At 13:40 +0100 on 09 Jun (1307626812), Stefano Stabellini wrote:
> CC'ing xen-devel and Tim.
>
> This is a comment from a previous email in the thread:
>
> > It most easily reproduced only on xen hvm 32bit guest under heavy vcpus
> > contention for real cpus resources (i.e. I had to overcommit cpus and
> > run several cpu hog tasks on host to make guest crash on reboot cycle).
> > And from last experiments, crash happens only on on hosts that doesn't
> > have hap feature or if hap is disabled in hypervisor.
>
> it makes me think that it is a shadow pagetables bug; see details below.
> You can find more details on it following this thread on the lkml.

Oh dear. I'm having a look at the linux code now to try and understand
the behaviour. In the meantime, what version of Xen was this on? If
you're willing to try recompiling Xen with some small patches that
disable the "cleverer" parts of the shadow pagetable code that might
indicate something. (Of course, it might just change the timing to
obscure a real linux bug too.)

The only time I've seen a corruption like this, with a mapping
transiently going to the wrong frame, it turned out to be caused by
32-bit pagetable-handling code writing a PAE PTE with a single 64-bit
write (which is not atomic on x86-32), and the TLB happening to see the
intermediate, half-written entry. I doubt that there's any bug like
that in linux, though, or we'd surely have seen it before now.

Cheers,

Tim.

--
Tim Deegan <[email protected]>
Principal Software Engineer, Xen Platform Team
Citrix Systems UK Ltd. (Company #02937203, SL9 0BG)

2011-06-09 16:48:42

by Igor Mammedov

[permalink] [raw]
Subject: Re: [Xen-devel] Possible shadow bug

On 06/09/2011 05:01 PM, Tim Deegan wrote:
> At 13:40 +0100 on 09 Jun (1307626812), Stefano Stabellini wrote:
>> CC'ing xen-devel and Tim.
>>
>> This is a comment from a previous email in the thread:
>>
>>> It most easily reproduced only on xen hvm 32bit guest under heavy vcpus
>>> contention for real cpus resources (i.e. I had to overcommit cpus and
>>> run several cpu hog tasks on host to make guest crash on reboot cycle).
>>> And from last experiments, crash happens only on on hosts that doesn't
>>> have hap feature or if hap is disabled in hypervisor.
>> it makes me think that it is a shadow pagetables bug; see details below.
>> You can find more details on it following this thread on the lkml.
> Oh dear. I'm having a look at the linux code now to try and understand
> the behaviour. In the meantime, what version of Xen was this on? If
It's rhel5.6 xen. I've tried to test on SLES 11 that has 4.0.1 xen, however
wasn't able to reproduce problem. (I'm not sure if hap was turned off in
this
case). More detailed info can be found at RHBZ#700565

> you're willing to try recompiling Xen with some small patches that
> disable the "cleverer" parts of the shadow pagetable code that might
> indicate something. (Of course, it might just change the timing to
> obscure a real linux bug too.)
>
Haven't got to this part yet. But looks like it's the only option left.

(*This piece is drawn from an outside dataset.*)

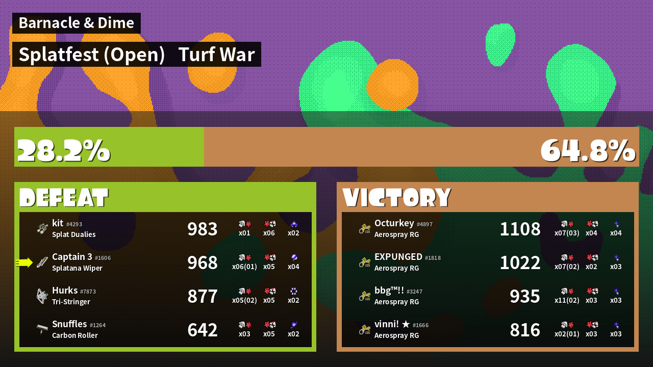 | Medals | #1 Overall Splatter #1 Popular Target #1 Home-Base Inker | ||
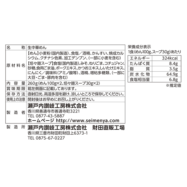 | 付属品 | <セット内容> 麺100g×2 胡麻坦々スープ30g×2 |

> The only time I've seen a corruption like this, with a mapping
> transiently going to the wrong frame, it turned out to be caused by
> 32-bit pagetable-handling code writing a PAE PTE with a single 64-bit
> write (which is not atomic on x86-32), and the TLB happening to see the
> intermediate, half-written entry. I doubt that there's any bug like
> that in linux, though, or we'd surely have seen it before now.
>
> Cheers,
>
> Tim.
>


--
Thanks,
Igor

2011-06-10 10:01:44

by Tim Deegan

[permalink] [raw]
Subject: Re: [Xen-devel] Possible shadow bug

Hi,

At 18:47 +0200 on 09 Jun (1307645229), Igor Mammedov wrote:
> It's rhel5.6 xen. I've tried to test on SLES 11 that has 4.0.1 xen, however
> wasn't able to reproduce problem. (I'm not sure if hap was turned
> off in this case). More detailed info can be found at RHBZ#700565

The best way to be sure whether HAP is in use is to connect to the
serial line, hit ^A^A^A to switch input to Xen, and hit 'q' to dump
per-domain state. The printout for the guest domain should either say
"paging assistance: shadow refcounts translate external"
or
"paging assistance: hap refcounts translate external".

(If you don't have serial you can get the same info by running
"xm debug-keys q" and then "xm dmesg" to read the output.)

> >you're willing to try recompiling Xen with some small patches that
> >disable the "cleverer" parts of the shadow pagetable code that might
> >indicate something. (Of course, it might just change the timing to
> >obscure a real linux bug too.)
> >
> Haven't got to this part yet. But looks like it's the only option left.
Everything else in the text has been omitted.